A spar is a marine structure, used for floating oil/gas platforms. Named after navigation channel Spar buoys, spar platforms were developed as an extreme deepwater alternative to conventional platforms. The deep draft design of spars makes them less affected by wind, wave, and currents and allows for both dry tree and subsea production.

A spar platform consists of a large-diameter, vertical buoyant cylinder(s) supporting a deck. Spars are permanently anchored to the seabed by a spread mooring system composed of either a chain-wire-chain or chain-polyester-chain configuration. The cylinder comprises a number of tanks; the lowest contains ballast, mid-water and/or extracted oil, the upper, air for buoyancy. Helical strakes are fitted to larger & more recent designs to mitigate the effects of vortex-induced motion.

There are three primary types of spars; classic, truss, and cell:

- A classic spar consists of a tall-height, cylindrical hull, with tanks for heavy ballast located at the bottom of the cylinder.

- A truss spar comprises three parts, a short-height, large-diameter cylindrical hull, atop a truss structure, atop tanks for heavy ballast.

- A cell spar consists of a cluster of small-diameter cylinders and relatively speaking, cheap to manufacture.
Cylinders are either buoyancy only, or subdivided into buoyancy and ballast.
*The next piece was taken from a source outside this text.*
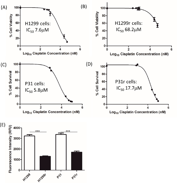 Figure 1: The effect of cisplatin on the viability of H1299, H1299r, P31 and P31r cells as determined by the Alamar Blue viability assay. Cells were seeded in 96 well plates at the following densities (A) H1299, 2,000 cells/ well; (B) H1299r, 6,000/cell/well; (C) P31, 2,000 cells/ well; (D) P31r, 6,000 cells/ well. All cells were treated with vehicle (0.9% NaCl) or varying concentrations of cisplatin (50 nmol/L -100 μmol/L) for 72 h. Alamar blue was added and cells were incubated in the dark for 5 h. The fluorescence was read at an excitation wavelength of 544 nm and an emission wavelength of 590 nm using a micro plate reader. Data expressed as % cell viability of vehicle treated controls. IC50 values represent the concentration of drug required to reduce viability by 50 %. Data are expressed as mean ± SEM from three separate experiments, performed in triplicate. (E) The growth rate of the H1299, H1299r, P31 and P31r cells was assessed over 72 h by seeding cells at 2,000 cells/well in a 96 well plate. After the elapsed time 20 μL of Alamar blue was added to the wells and the fluorescence was then measured by a spectrophotometer. Data is expressed as fluorescence intensity. Data are expressed as mean ± SEM from three separate experiments. Statistical analysis was carried out using the student t-test. *** = p<0.001.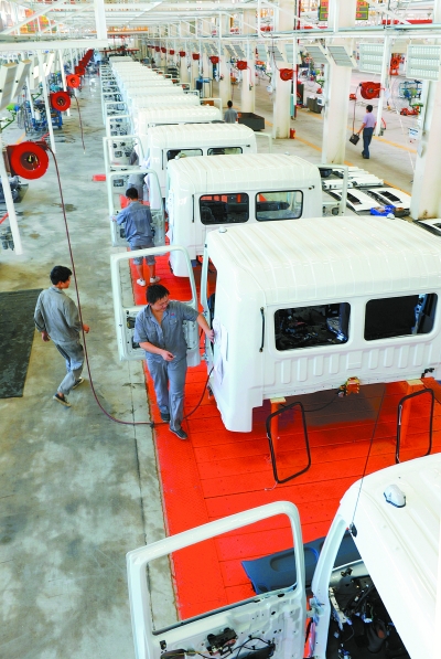 7月1日,衡阳市白沙洲工业园区内,工人在湖南华菱汽车股份有限公司总装车间进行生产作业。该公司生产的重型汽车于2012年4月正式下线,全部项目建成后将实现年产1万辆重型汽车,可实现销售收入25至30亿元,利税达2亿元。本报记者 徐行 摄

The first spar platform was the Brent Spar. Designed for storage and offloading of crude oil products, it was installed on the UK's Brent Field in June 1976. Shell's attempted deep sea disposal of the platform in the 1990s created a massive environmental backlash by Greenpeace. The spar was eventually dismantled, with ballast used as a foundation for a quay in Norway.

The first spar platform designed for production was the Neptune spar, located in the Gulf of Mexico, and was installed in September 1996 by Kerr McGee.
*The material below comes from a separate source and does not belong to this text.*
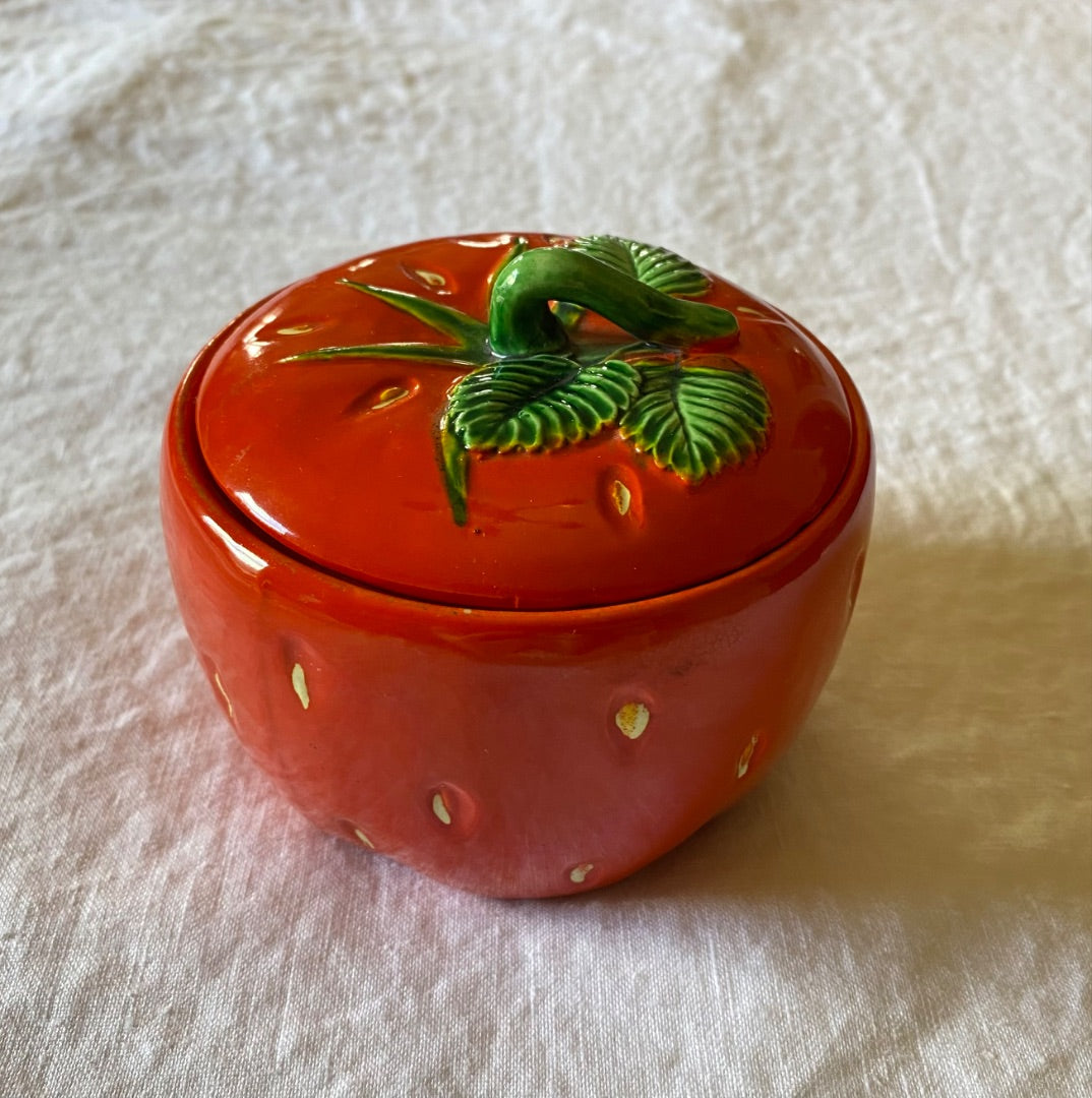 • Vintage Occupied Japan ceramic strawberry jam pot with lid

The first, and thus far unique, cell-spar platform was Kerr-McGee's Red Hawk spar (7 ea. 8 m diameter cells). Field-depletion occurred 4 years after production started, so Red Hawk was decommissioned in 2014 under the Bureau of Safety and Environmental Enforcement's "Rigs-to-Reefs" program, at which time it was the deepest floating platform to be decommissioned.

The world's deepest production platform is Perdido, a truss spar in the Gulf of Mexico, with a mean water depth of 2,438 m. It is operated by Royal Dutch Shell and was built at a cost of $3 billion.